Yes. You can configure sliding windows (using the HOP function) with a longer window duration and shorter slide interval—for example, a 4-hour window sliding every 30 minutes. This allows the view to track pressure trends across the full trip while remaining sensitive to recent changes.
Q: What sensor hardware is required to implement this? This architecture requires TPMS sensors on each wheel and optionally axle load cells and wheel vibration sensors.
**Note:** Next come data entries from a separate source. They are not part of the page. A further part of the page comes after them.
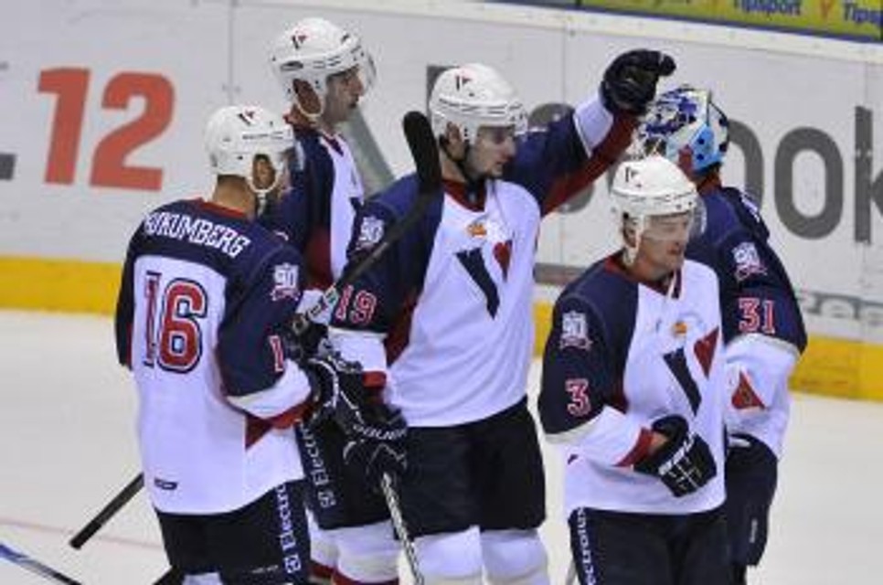Domáci začali v skvelej atmosfére vypredaného štadióna bez rešpektu a už v 4. minúte mohol otvoriť skóre Kukumberg, ktorý sa rútil sám na bránu, no puk z jeho hokejky skončil tesne vedľa. Na opačnej strane sa ocitol medzi kruhmi osamotený Richards, Konrád však prudkú strelu do stredu brány zneškodnil. V 8. minúte si Slovan po závare pred Lundqvistom vynútil presilovú hru, ktorú o minútu neskôr využil obranca Švarný, keď strelou od modrej čiary využil zakrytý výhľad brankára - 1:0. V 12. minúte mohol odpovedať Anisimov, ale ani na dvakrát sa mu nepodarilo prekonať domáceho gólmana. Slovan mal v závere úvodnej časti šancu zvýšiť svoj náskok počas 21-sekundovej presilovky piatich proti trom, tá však zostala nevyužitá.
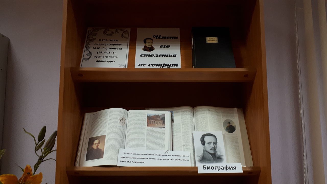 С 14 по 28 октября 2019 года в читальном зале Рязанской областной специальной библиотеки для слепых пройдет книжная выставка «Имени его столетья не сотрут», посвященная 205-летию со дня рождения Михаила Юрьевича Лермонтова.
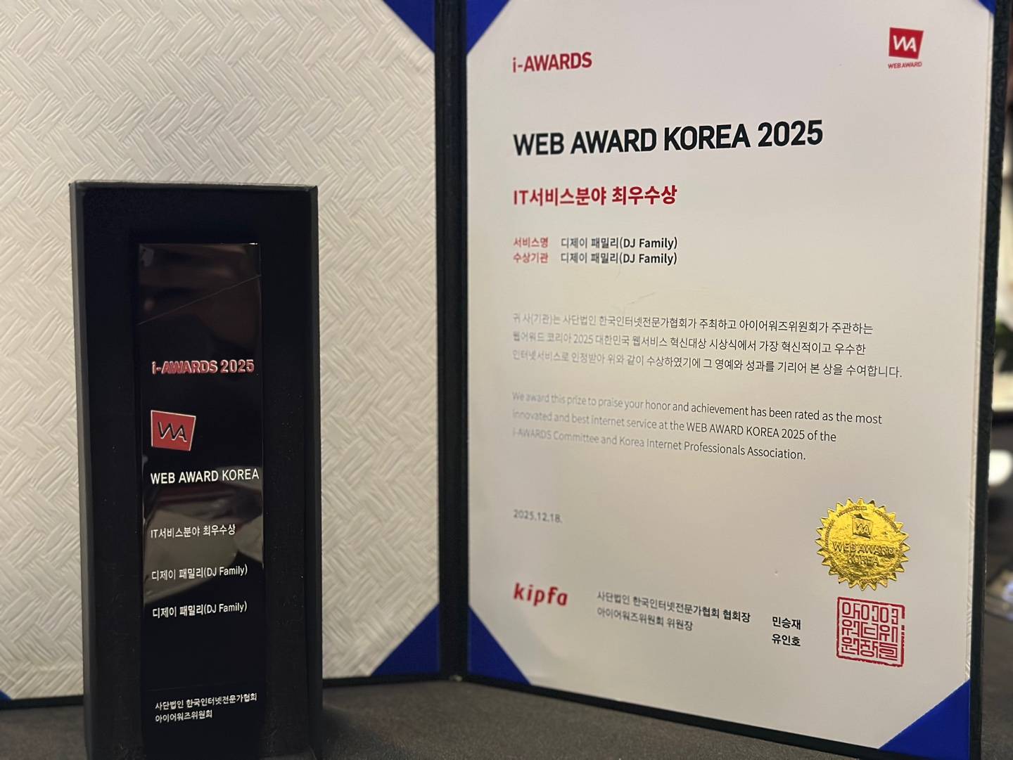 [마이데일리 = 천주영 기자] 경북 안동에 본사를 둔 IT 전문 기업 디제이패밀리가 국내 최고 권위의 웹 평가 시상식인 ‘2025 웹어워드코리아’에서 IT서비스분야 경북 유일 최우수상을 수상하며, 지역 기반 IT 기업의 저력을 과시했다고 19일 밝혔다.
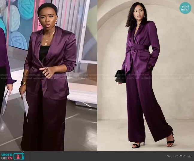 Zinhle Essamuah on NBC News Daily on NBC was spotted wearing this Zinhle’s purple satin blazer and wide leg pants on NBC News Daily on Oct 20 2023's episode. Zinhle's Jacket is the Satin Tie Waist Blazer in New Pinot Noir by Banana Republic . Zinhle's Pants is the Satin Wide-Leg Pant in New Pinot Noir by Banana Republic.
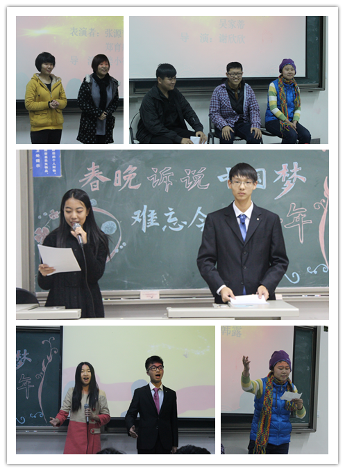 首个亮相节目由是张源青同学、郑育彤同学带来的相声表演《着急》,她们用自己别具一格的表演方式向已故相声表演艺术家马季先生表达敬意与怀念,庄严而不失风趣,同学们对其赞赏不断。接下来的是由朱南茜、邱佳明等同学表演的小品《麻辣鸡丝》,全体演员们配合默契、幽默大方的表演也博得阵阵掌声。作为新世纪春晚的代表作品之一《昨天、今天、明天》也在韩露、宋昊轩和武家蒂三位同学的演绎下变得更加鲜活有趣、更加贴近当代人的生活。节目表演最后,2012级李琳楚同学和2013级张铭洋同学带来了一曲春晚经典曲目——《难忘今宵》,将晚会推向了高潮。

Many modern commercial trucks come with TPMS from the factory; aftermarket solutions from vendors in the fleet telematics space can add this capability to older vehicles.
Key Takeaways
- TPMS and axle sensor data contains predictive signals for tire failure that are only actionable when analyzed as time-series trends, not point-in-time readings.
- RisingWave's rolling window aggregations over per-wheel sensor streams detect slow pressure loss and temperature anomalies hours before they become critical.
- Load imbalance detection across axle positions surfaces cargo distribution problems that accelerate uneven tire wear without any additional sensors.
- Streaming SQL lets maintenance engineers express predictive logic in familiar SQL, routing alerts to dispatch systems via Kafka for same-stop intervention.